In standard practice, Items #1 and #2 are necessary, while #3 is optional but useful. Item #1 could be augmented by automatic identification and labeling of fields by using some external data or metadata, for example. One could also imagine saving all or part of this data for later use, so that it would not have to be entered upon each instantiation of the program.

Another such improvement would be a module to specify that the procedure should only work on a selected subset of the data (with filters specified or recommended, for example). This would allow different users to look at different parts of the dataset to find lower-level patterns, for example.

Another potential addition would be a module for automatically executing this process for given time periods; e.g. automatically running over each week or quarter.

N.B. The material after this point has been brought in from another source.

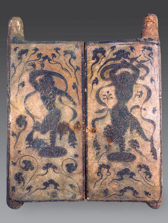 每扇門均呈長(zhǎng)方形,上下有圓柱狀榫,兩門閉合處各有一孔,出土?xí)r有鐵鎖鎖扣。每扇石門正中淺雕一“胡旋舞”男伎。所刻男伎為典型的胡人形象:虬髯卷發(fā),深目高鼻,寬肩細(xì)腰,體魄健壯。身著圓領(lǐng)緊身窄袖衫,下著緊腿裙,腳穿長(zhǎng)筒皮靴,站立在一塊編織精美的小圓毯上,雙人對(duì)舞。舞姿造型略有不同,左邊舞伎側(cè)身回首,左腳站立圓毯上,右腿后屈,左手正微微上舉,右臂屈至頭頂;右側(cè)男伎右腳立毯上,左腿前伸,雙臂上屈,至頭頂上方合攏。兩人均手舉長(zhǎng)巾,熟練揮旋。四周剔地淺浮雕卷云紋,似舞伎騰躍于云氣之中,造成流動(dòng)如飛的藝術(shù)效果。整個(gè)畫面構(gòu)思精妙,主題突出,人物面部表情生動(dòng)自然,體態(tài)輕盈健美,舞姿迅疾奔放、充滿歡樂生活氣息。

As mentioned previously, parts of Item #1 can be themselves automated or stored for later use. The independent variable range specification can be automated, or each potential range can be tested and results aggregated for comparison sake. Also, other, non-categorical variables, such as numeric variables, could be included as categorical variables if there is a process in place to automatically or manually create categorical variables from these non-categorical variables.

One can imagine Item #2 being performed in a continuous manner rather than an ad hoc basis, with results being updated continuously based on changing data patterns. For instance, each sub-segment can be continuously tested against its parent to see if its difference becomes significant over time.

Other methods may attempt to execute this process in a different order or using different parameters. For example, one can imagine potentially specifying a segment to be studied, and a time period being automatically identified during which that segment is relevant.

Also, as mentioned previously, various statistical techniques and other well-known algorithms may be used for the logical tests between parent and sub-segments, of which we have only specified an illustrative example.

How to Use the Invention

A person would use the invention by inputting the necessary information into Item #1 and then utilizing the control to start the procedure, if any of this were not to happen automatically. The user would then view the results in Item #3, and then potentially export them or use them externally in some way. One could imagine the user iteratively invoking the process, in order to refine results or look for other patterns. Also, users may work with subsets of the data (as discussed previously), if they only wish to find lower-level patterns.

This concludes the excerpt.